Mirna Arana mops the floor after playing with her son in her home in Oakland, Calif., Oct. 25, 2021. Arana works as a housecleaner in San Francisco and is hopeful about a proposed law that would give domestic workers paid sick leave.
Brontë Wittpenn
/
San Francisco Chronicle via AP
Mirna Arana mops the floor after playing with her son in her home in Oakland, Calif., Oct. 25, 2021. Arana works as a housecleaner in San Francisco and is hopeful about a proposed law that would give domestic workers paid sick leave.

SAN FRANCISCO — Nannies, house cleaners, gardeners and other San Francisco domestic workers must be given paid sick leave under a groundbreaking law approved by city leaders this week.

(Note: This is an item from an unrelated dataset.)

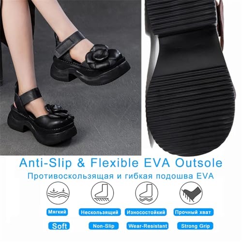 Women's Genuine Leather Flats - 7cm Mary Jane Hook Summer Platform Wedge Comfy

The city's Board of Supervisors on Tuesday unanimously passed the legislation, which the San Francisco Chronicle said is the first of its kind in the U.S.

The measure would affect 10,000 people in the city who work in private homes cleaning, cooking, tending children, garden or providing non-medical care for seniors or disabled residents.

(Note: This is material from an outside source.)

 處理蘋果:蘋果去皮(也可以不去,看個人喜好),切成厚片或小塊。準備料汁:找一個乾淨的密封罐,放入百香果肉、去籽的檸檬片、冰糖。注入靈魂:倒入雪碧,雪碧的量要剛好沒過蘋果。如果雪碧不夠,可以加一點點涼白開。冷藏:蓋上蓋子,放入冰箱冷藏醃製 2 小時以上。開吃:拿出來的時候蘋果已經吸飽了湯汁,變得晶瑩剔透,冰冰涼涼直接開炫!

Supporters of the law said that workforce is typically low-paid with many women and immigrants.

"I think these people have been taking care of people in San Francisco for a long time, and it's about time we care for them," said Supervisor Myrna Melgar, who co-sponsored the measure with Supervisor Hillary Ronen.

The measure addresses the fact that many domestic workers may work for multiple households, the Chronicle said.

It creates a a portable paid sick leave benefit, so workers would earn slivers of paid sick leave from each employer and then consolidate them. An employer would pay one hour of wages into the sick leave fund for every 30 hours of service from a domestic worker.

The proposal has more steps before it's final

To take effect, the measure needs a second vote by the supervisors and must be signed by Mayor London Breed. It would then take several months for the city to hire a private company to administer the benefits program, according to the Chronicle.

Kimberly Alvarenga, executive director of the California Domestic Workers Coalition, said the coronavirus pandemic highlighted the vulnerability of domestic workers because "if they didn't go to work, they didn't get paid."

"If they became ill with the virus, if a family members became ill with the virus, they had no choice," Alvarenga said. "This ordinance will provide some equity so when they become ill, they can take a day to take care of themselves, children or family members."